1 Medical Sociology Unit, Hannover Medical School, Hannover, 30625, Germany
2 Department of Pediatric Cardiology, Intensive Care Medicine and Neonatology, University Medical Center Goettingen, Goettingen, Germany
3 Department of Pediatrics, Western University, London, Ontario, Canada
4 Department of Pediatric Cardiology and Intensive Care Medicine, Hannover Medical School, Hannover, Germany

* Corresponding Author: Siegfried Geyer. Email: email

Congenital Heart Disease 2023, 18(3), 337-348. https://doi.org/10.32604/chd.2023.028827

Abstract

Objectives: To examine whether patients with congenital heart disease (CHD) are less likely to have a partner or children than individuals from the general population. Methods: Longitudinal study with two assessments of the same patients (n = 244) from a hospital population and controls (n = 238) from the German Socio-Economic Panel (GSOEP) using parental education, patients age, and sex as matching criteria. The first patient study was conducted between 5/2003 and 6/2004, the second one between 5/2017 and 4/2019. Controls were drawn from GSOEP-surveys 2004 and 2018. CHD-severity was classified according to type of surgery: curative, reparative, or palliative. Living single was used as outcome measure, for offspring the outcome was having children or not. Results: Among women with CHD the rate of those living single was higher than among controls with the differences depending on disease complexity (curative: OR = 5.5; reparative: OR = 1.9; palliative: OR = 2.7). No statistically significant differences between patients and controls emerged in the male study population. With respect to children a marked difference emerged between women with CHD and controls. Among patients the odds of having children were lower than among controls (curative: OR = 0.3; reparative: OR = 0.3; palliative: OR = 0.2). The rate of patients with children with CHD (women: 5.6%; men: 4.9%) was higher than expected (1%) if compared with the general population. Conclusions: Using partnership and children as outcome criteria, patients with CHD are disadvantaged if compared to subjects from the general population. In female patients the social consequences of the disease turned out as more pervasive than in women.

Graphical Abstract

Having a Partner and Having Children: Comparisons of Adults with Congenital Heart Disease and the General Population: A 15-Year Case-Control Study

Keywords


1  Introduction

An increasing number of women and men born with congenital heart disease (CHD) are now reaching old age [1,2], and this also applies to those with complex congenital malformations. Against the backdrop of advanced medical care and improved chances of survival patients can start a family, pursue occupational careers, and master everyday life. Most studies dealing with social and psychological consequences of CHD have examined quality of life [36], while social life and parenthood have rarely been considered [7]. In a longitudinal study from the Netherlands [8] it was reported that the majority of patients with CHD (72%) who underwent surgery between 1968 and 1980 were married or in a stable relationship. Comparison data were drawn from the National Statistics Bureau, but the figures on marriage and partnership did not differ between patients and comparison data. In contrast, a Japanese study reported that the percentage of patients with CHD living with a partner was lower than in the general Japanese population [9].

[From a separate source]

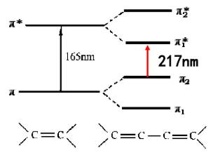 图2. 乙烯和共轭丁二烯的π→π*跃迁

For individuals with CHD the decision to have children is associated with a number of difficult considerations requiring early counseling [10]. Pregnancy is associated with increasing risks of hemodynamic burden, complications and potential deterioration of cardiac functioning, and these risks grow with increasing disease complexity [11]. A recent study with 1,938 pregnant women with CHD reported that complications had occurred in 16% of all cases, primarily due to arrhythmias and heart failures occurring between the 13th and the 40th week of pregnancy [12]. Even in women with the lowest risk of complications 5% of all pregnancies were affected. An important issue for women and men with CHD is the risk of giving birth to a child with a congenital heart disease [11] as heredity is a possible influencing factor. In a US-based study 233 women with CHD and 482 pregnancies of unaffected women were included, and the proportion of children born with a congenital heart defect was 14.2%. This may underestimate the true rate as a substantial number of pregnancies were interrupted [13]. It is a matter of debate whether the findings of this study are still valid today as it was conducted in 1968. As a methodological issue it is also unclear how many women had been contacted and to what extent selection effects may have affected the findings. In a British study 272 women and men with CHD and 393 children a risk of 4.1% was reported, and in siblings of children with CHD the risk was 2.1% [14]. It was also reported that the risk of giving birth to a child with CHD was higher in affected women than in men. These findings may no longer hold as the data collection started in 1985. In a recent study this information was not reported [15].

Within the framework of a longitudinal observational case-control study we wanted to investigate the topics of partnership/marriage and parenthood in patients with CHD. Data on the long-term course of congenital heart disease patients were available that were compared with a group of matched controls from the general population and observed over the same time period. Specifically, the following research questions were dealt with:

•   Do patients with CHD and controls differ with respect to partnership/single status and are sex differences present?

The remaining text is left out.